§ Work request: With the images removed, return every line below exactly as it reads.

§ Input data:
____________________

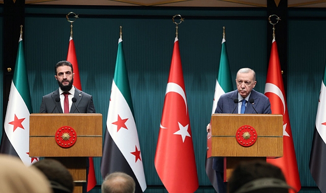 Cumhurbaşkanı Recep Tayyip Erdoğan ve Suriye Arap Cumhuriyeti Cumhurbaşkanı Ahmed Şara, Cumhurbaşkanlığı Külliyesindeki baş başa görüşmelerinin ardından, ortak basın toplantısı düzenleyerek açıklamalarda bulundu.
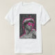 Graphic Contrast: The black-and-white sketch style of the statue creates a striking visual contrast against the pop of neon pink and the crisp white fabric of the shirt.
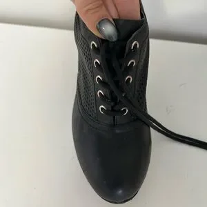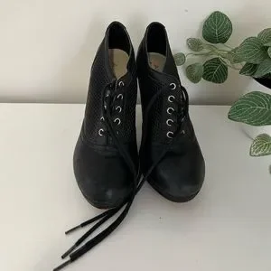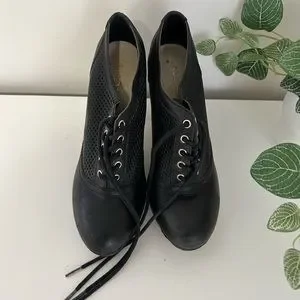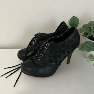 ALDO - black lace up heels with mesh side design detail. 3” heel height. Good used condition. Size women’s 6.5

____________________

§ Answer to this task:
 Cumhurbaşkanı Recep Tayyip Erdoğan ve Suriye Arap Cumhuriyeti Cumhurbaşkanı Ahmed Şara, Cumhurbaşkanlığı Külliyesindeki baş başa görüşmelerinin ardından, ortak basın toplantısı düzenleyerek açıklamalarda bulundu.
 Graphic Contrast: The black-and-white sketch style of the statue creates a striking visual contrast against the pop of neon pink and the crisp white fabric of the shirt.
 ALDO - black lace up heels with mesh side design detail. 3” heel height. Good used condition. Size women’s 6.5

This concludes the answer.